A brisk walk through the city streets, smoking a cigarette sitting on a step, a long wait to cross the street, standing static at a red light. Moments of suspension, individual and mechanical, chosen by David van der Leeuw (1989) as the subjects of his photographs. In these shots there is no pretension to elevate “banal” moments to something else, but to capture them in their simplest essence. On the streets of major metropolises – such as Paris, Amsterdam, New York – street photographer David van der Leeuw captures everyday actions with a foreign and detached point of view, that of the voyeur.

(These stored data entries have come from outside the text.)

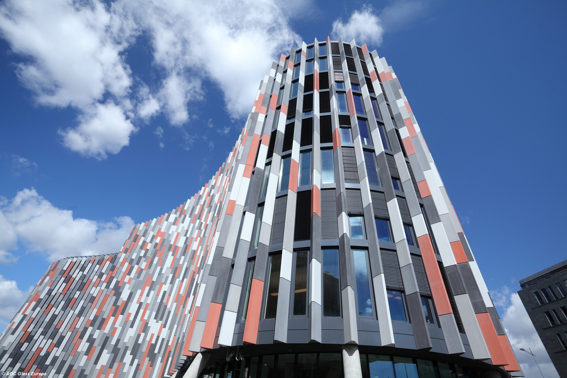 Main Point Karlin Building Location: Prague - Czech Republic Architect: DaM Architects Glazing amount: 7000 m² Remarks: MIPIM Award 2012 for the Best Office and Business Development Product: 7000 m² of AGC's Planibel Low-E Energy N Photographer: Hubert Hesoun Photo Year: 2012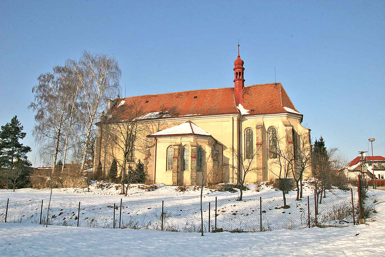 Holy Trinity church in Sezemice, Pardubice District, Czech Republic.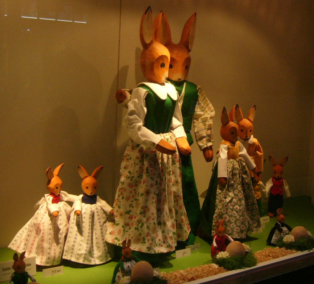 Bremen, wood familiy of easter Bunnies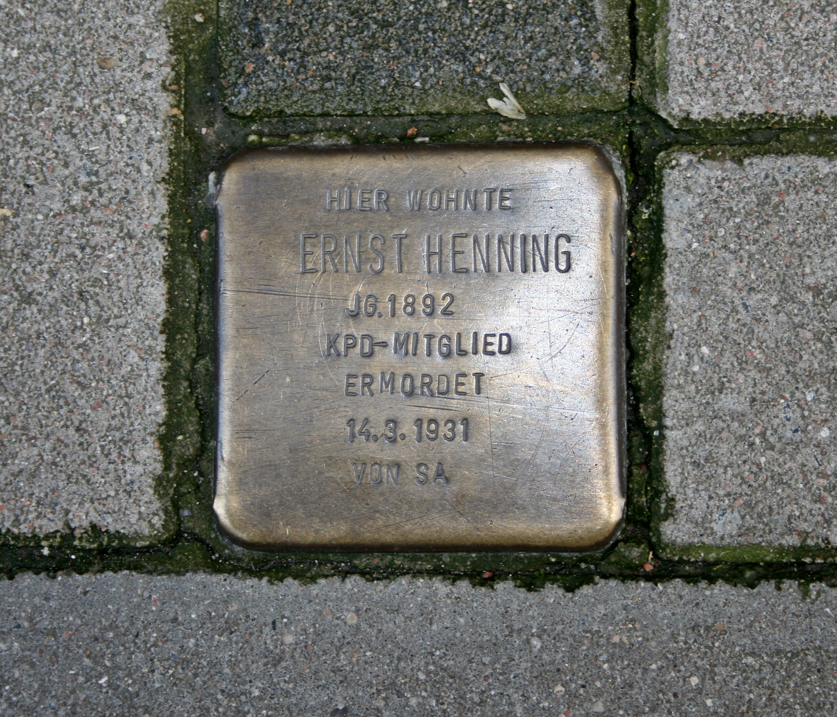 Stolperstein for Ernst Henning in Hamburg-Bergedorf, Hassestraße 11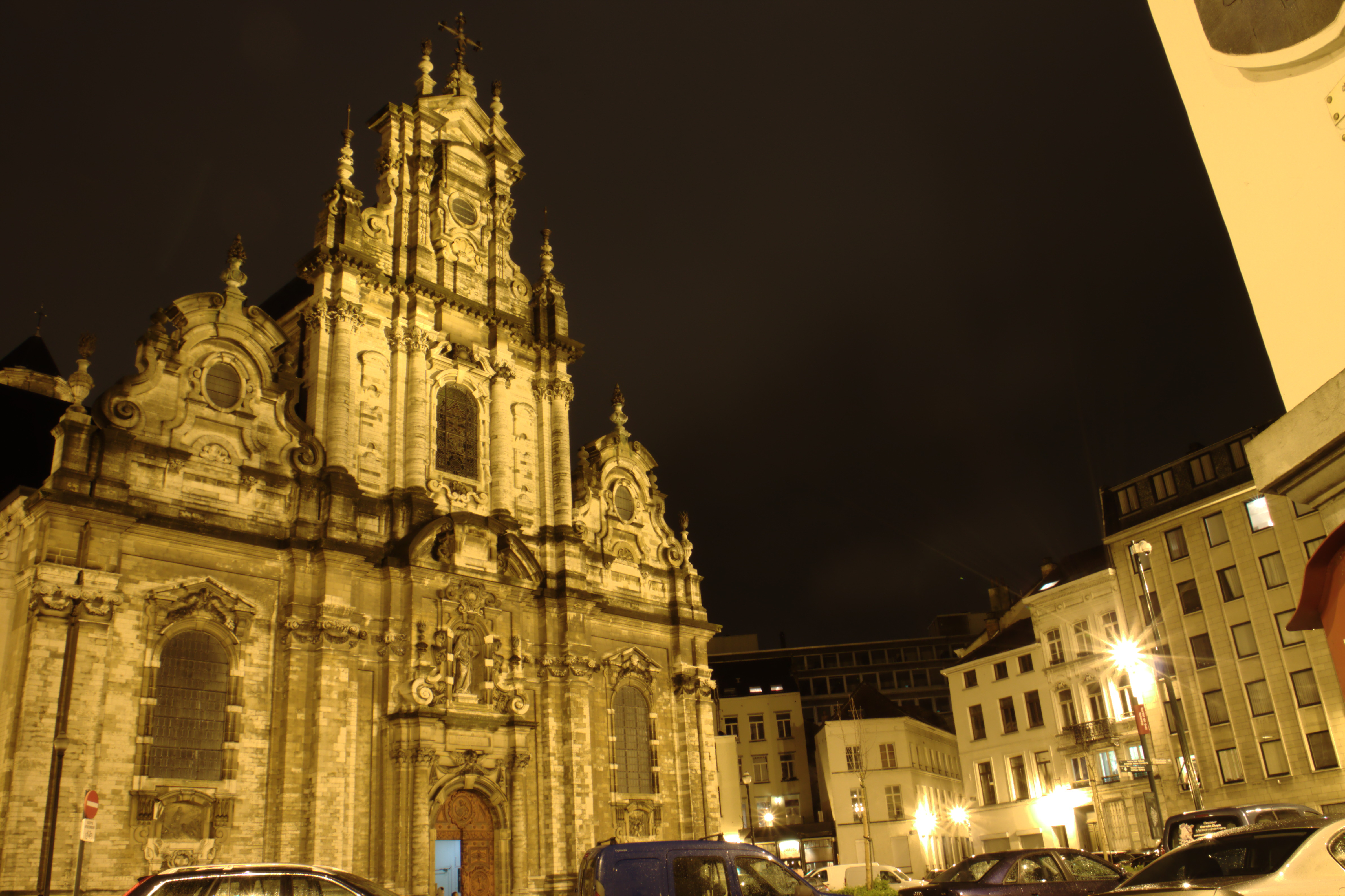 Night view of the St. John the Baptist Church at Béguinage Square in Brussels

The faces of the subjects are never revealed, indeed the focus is on the gesture, posture, movement of the action or silhouette. Moments of loneliness that in some shots are charged with a certain metaphysical desolation, and in others with a futuristic dynamism, making evident the pictorial suggestions from which David is inspired. An example is the shot “Heels in motion,” which draws on Giacomo Balla‘s work “Dinamismo di un cane al guinzaglio,” or the shot “Jacquemus flower,” which acquires a Surrealist feel. With a metaphysical flavor, on the other hand, are photographs such as “Tod’s fashion” or “NYC Smoking man,” dictated by the play of light and shadow skillfully used by David. Hopperian hyperrealism also emerges in some photographs, as in “Paris reflection.”
As can be seen from some of the shot titles, David van der Leeuw’s photographic approach is appreciated by many fashion brands and major magazines, including Jacquemus, Tod’s, Cassina, Vogue and Vanity Fair, for which David translates his artistic vision into editorial and advertising projects.